I wish the Razzies were televised. You know, the Golden Raspberry Awards handed out on the eve of the Oscars to the year’s worst movies. Much can be learned by starring into the Hollywood abyss where the green light is given to the likes of Indiana Jones and the Kingdom of the Crystal Skull or The Love Guru. For the record, the big winner at the Razzies on Saturday was Mike Meyers, whose groove ran short in The LoveGuru, and Paris Hilton, arguably the most inexcusable individual on earth. Crystal Skull, by the way, was named Worst Sequel.

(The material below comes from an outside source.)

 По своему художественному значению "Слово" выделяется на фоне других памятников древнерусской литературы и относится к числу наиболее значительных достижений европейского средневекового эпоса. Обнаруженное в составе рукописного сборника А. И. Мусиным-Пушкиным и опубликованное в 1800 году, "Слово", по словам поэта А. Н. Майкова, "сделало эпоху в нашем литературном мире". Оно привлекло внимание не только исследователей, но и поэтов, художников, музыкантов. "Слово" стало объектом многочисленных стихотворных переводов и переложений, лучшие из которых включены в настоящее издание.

It’s not just me: Public interest in the Academy Awards has waned in recent times but this year, however, Oscar might have seen better ratings because Hollywood is one of the few remaining growth industries. Housing has plummeted, stocks have gone south, retail is weak but ticket counters at the multiplexes have been busy. Alas, most customers are paying to see fat mall cops or friendly dogs, not the amazing backwards-aging man or the sexy death camp guard who gives herself to a teenage lover.

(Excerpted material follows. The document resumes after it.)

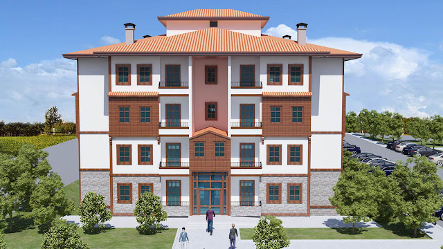 Koruma altına alınmış Mudurnu eski Türk evlerinin mimari dokusu dikkate alınarak tasarlanan projede; ahşap görünümlü cephe kaplamaları, zemin kat seviyesinde taş kaplamalar, dekoratif pencereler, söveler, kat silmeleri, payandalar, cumba görünümlü çıkmalar modernize edilerek uygulandı.

The most popular movies seldom win the most trophies. A growing segment of Academy voters have disconnected themselves from the big Hollywood franchises, at least when the time comes for Oscar nominations. Maybe they are understandably embarrassed to be in an industry that produced Love Guru and Crystal Skull. Or maybe they are film school snobs who turn up their noses at The Dark Knight. Perhaps the road that leads through the plethora of secondary awards shows to the red carpet at the Kodak Theater is the only way that a certain kind of quality film can still be made in Hollywood.
Not that quality usually means aesthetically, emotionally or intellectually challenging work; the definition generally embraces films that are technically well made, easy on the eye, acted with some grace and written by people with IQs over 100 (especially when adapted from a literary source). By those lights The CuriousCase of Benjamin Button should have swept the Academy Awards last night, but something truly curious happened. Slumdog Millionaire, an unexpected contender from the frontier where indiedom meets Bollywood, surged ahead to win eight Oscars, including Best Picture and Best Director for Danny Boyle.
Slumdog isn’t challenging in the old-art house sense of Ingmar Bergman and Michelangelo Antonioni but stands as an exuberant, transnational hybrid of styles, a bi-lingual face of things to come in a world of dissolving boundaries. The story is Horatio Alger revisited, a boy with pluck who makes his way up the slippery ladder of success (and gets the girl in the end).
I’m happy for Slumdog (and that all but one of my Academy predictions in last week’s Shepherd Express came true). Still, I wish I would have been watching and writing about the Razzies instead. I would have been spared the sight of Wolverine as a song-and-dance man, and the usual cavalcade of Hollywood self-congratulation.